(Action item)
Every line below from the one containing "乡村公益性岗位就业申请表" through the one containing "Jean-Pierre Mathias est" must be transcribed exactly. Omit all lines outside that stretch.

(Data to process)
------------
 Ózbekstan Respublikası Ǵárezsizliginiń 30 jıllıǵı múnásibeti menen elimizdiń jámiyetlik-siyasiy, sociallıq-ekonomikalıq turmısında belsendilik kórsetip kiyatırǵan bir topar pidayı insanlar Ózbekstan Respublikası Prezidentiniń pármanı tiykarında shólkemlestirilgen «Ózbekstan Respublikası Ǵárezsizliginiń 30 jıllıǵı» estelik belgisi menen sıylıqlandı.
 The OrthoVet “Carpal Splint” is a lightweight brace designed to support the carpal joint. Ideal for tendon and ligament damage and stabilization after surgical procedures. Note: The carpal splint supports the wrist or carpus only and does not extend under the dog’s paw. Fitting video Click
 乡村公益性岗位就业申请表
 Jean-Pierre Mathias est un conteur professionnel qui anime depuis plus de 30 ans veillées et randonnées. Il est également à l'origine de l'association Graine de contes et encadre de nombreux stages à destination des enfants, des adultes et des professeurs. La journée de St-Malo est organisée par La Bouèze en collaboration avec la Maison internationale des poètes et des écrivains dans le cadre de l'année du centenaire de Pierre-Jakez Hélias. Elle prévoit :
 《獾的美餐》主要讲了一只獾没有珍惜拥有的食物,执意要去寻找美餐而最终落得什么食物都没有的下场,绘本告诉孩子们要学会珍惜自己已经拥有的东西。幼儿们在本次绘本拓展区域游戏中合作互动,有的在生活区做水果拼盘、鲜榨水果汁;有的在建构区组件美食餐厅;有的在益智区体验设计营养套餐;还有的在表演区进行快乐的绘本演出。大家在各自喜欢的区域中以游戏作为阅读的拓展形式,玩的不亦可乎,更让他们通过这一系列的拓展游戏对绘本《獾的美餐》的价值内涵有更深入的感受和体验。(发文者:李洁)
------------
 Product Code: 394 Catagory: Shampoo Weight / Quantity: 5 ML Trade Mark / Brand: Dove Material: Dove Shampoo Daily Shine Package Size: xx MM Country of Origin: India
------------
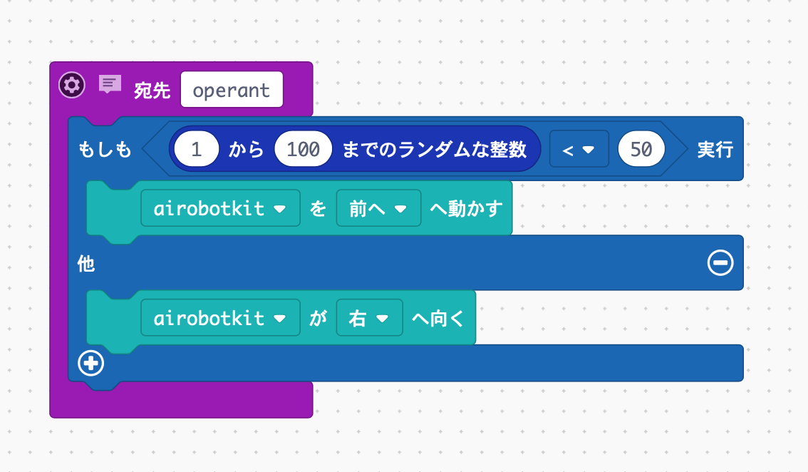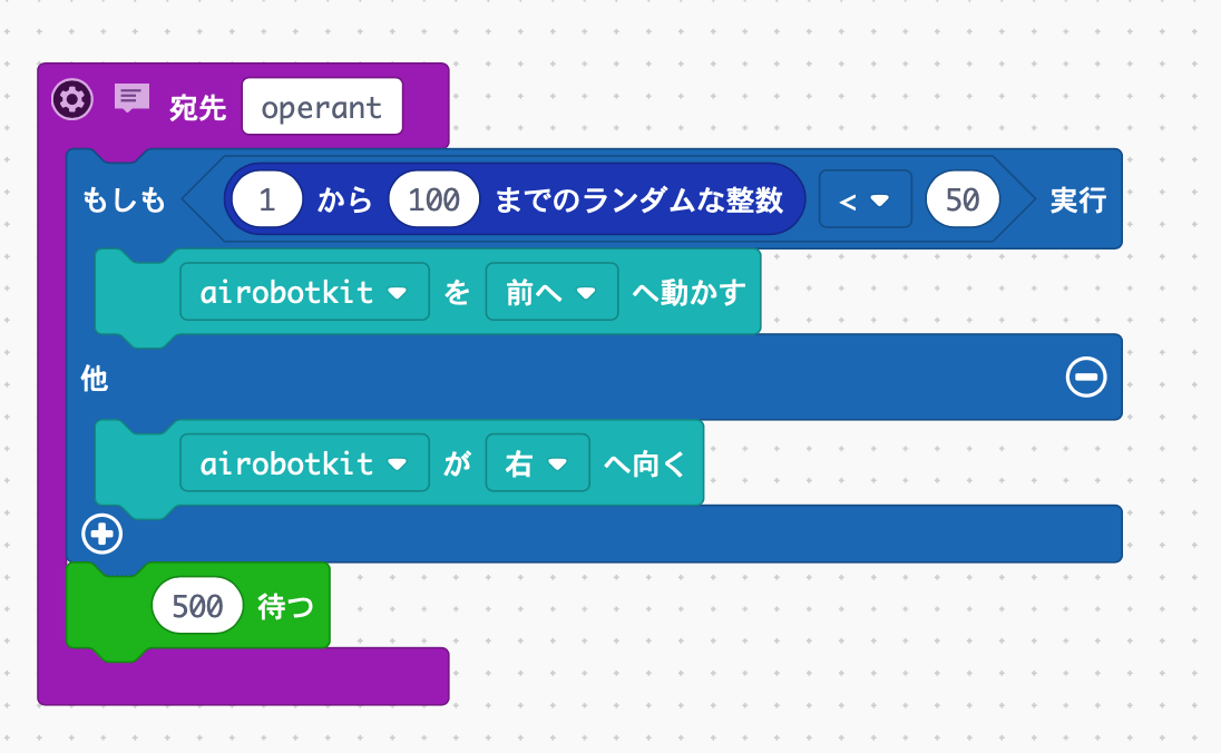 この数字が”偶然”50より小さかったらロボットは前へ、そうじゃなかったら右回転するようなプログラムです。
------------
(Exercise output)
 乡村公益性岗位就业申请表
 Jean-Pierre Mathias est un conteur professionnel qui anime depuis plus de 30 ans veillées et randonnées. Il est également à l'origine de l'association Graine de contes et encadre de nombreux stages à destination des enfants, des adultes et des professeurs. La journée de St-Malo est organisée par La Bouèze en collaboration avec la Maison internationale des poètes et des écrivains dans le cadre de l'année du centenaire de Pierre-Jakez Hélias. Elle prévoit :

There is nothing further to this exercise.